═══ Material provided ═══

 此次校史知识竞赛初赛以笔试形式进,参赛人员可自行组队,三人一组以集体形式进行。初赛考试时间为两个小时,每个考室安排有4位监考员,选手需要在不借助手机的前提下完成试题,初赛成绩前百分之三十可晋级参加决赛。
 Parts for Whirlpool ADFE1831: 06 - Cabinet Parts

═══
═══ Material provided ═══

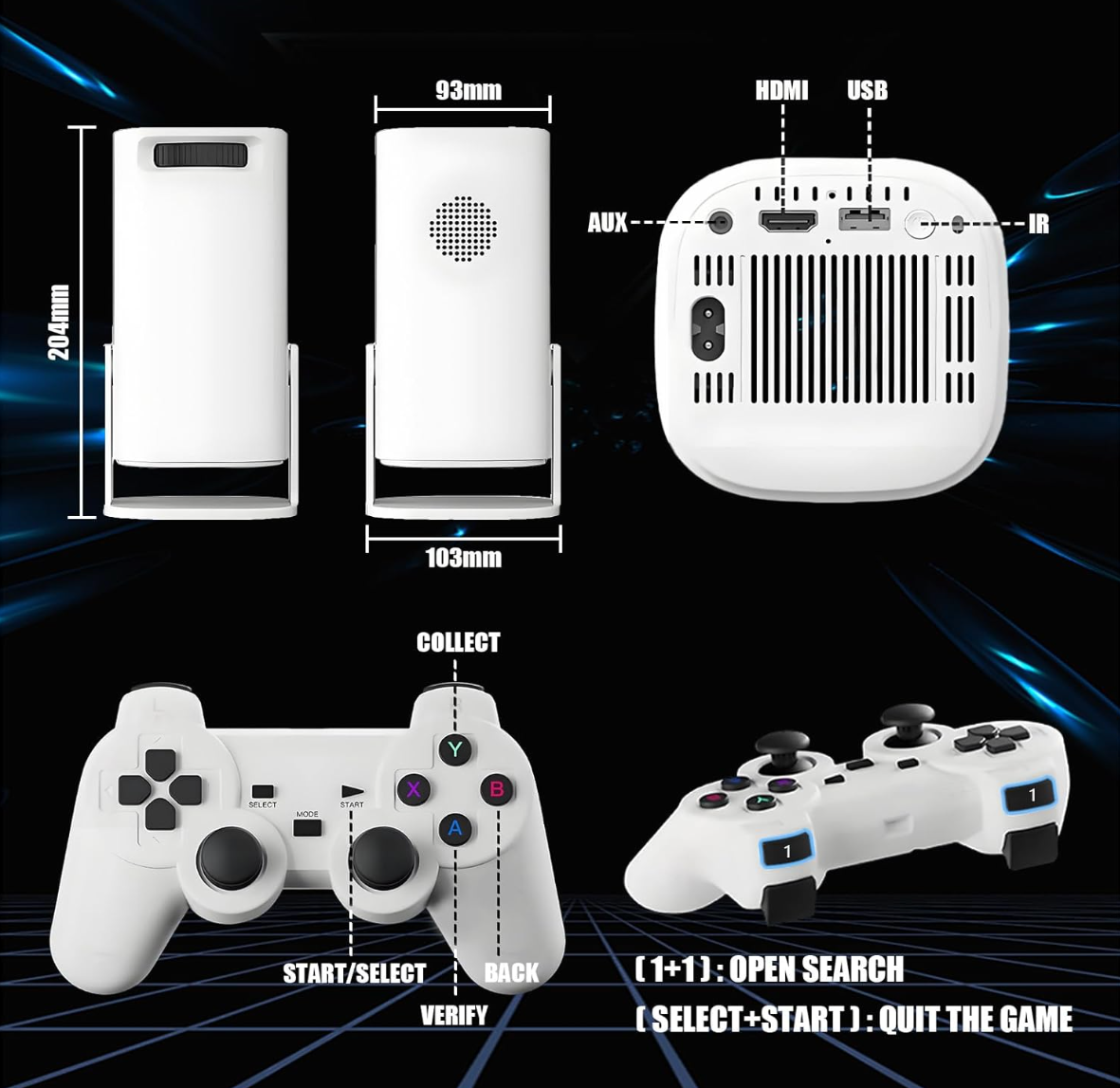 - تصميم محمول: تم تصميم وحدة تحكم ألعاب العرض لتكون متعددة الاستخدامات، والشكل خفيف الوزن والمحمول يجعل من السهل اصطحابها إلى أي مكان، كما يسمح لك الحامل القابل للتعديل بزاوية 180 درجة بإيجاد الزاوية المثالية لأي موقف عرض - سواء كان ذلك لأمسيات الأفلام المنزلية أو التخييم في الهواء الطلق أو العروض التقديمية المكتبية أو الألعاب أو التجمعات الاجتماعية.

═══
═══ Material provided ═══

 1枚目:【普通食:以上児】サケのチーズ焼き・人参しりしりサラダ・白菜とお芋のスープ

═══

**The problem**
Print, from the entries above, the line with "此次校史知识竞赛初赛以笔试形", the line with "Parts for Whirlpool" and all lines between them, exactly and with nothing else.

**Solution to this problem**
 此次校史知识竞赛初赛以笔试形式进,参赛人员可自行组队,三人一组以集体形式进行。初赛考试时间为两个小时,每个考室安排有4位监考员,选手需要在不借助手机的前提下完成试题,初赛成绩前百分之三十可晋级参加决赛。
 Parts for Whirlpool ADFE1831: 06 - Cabinet Parts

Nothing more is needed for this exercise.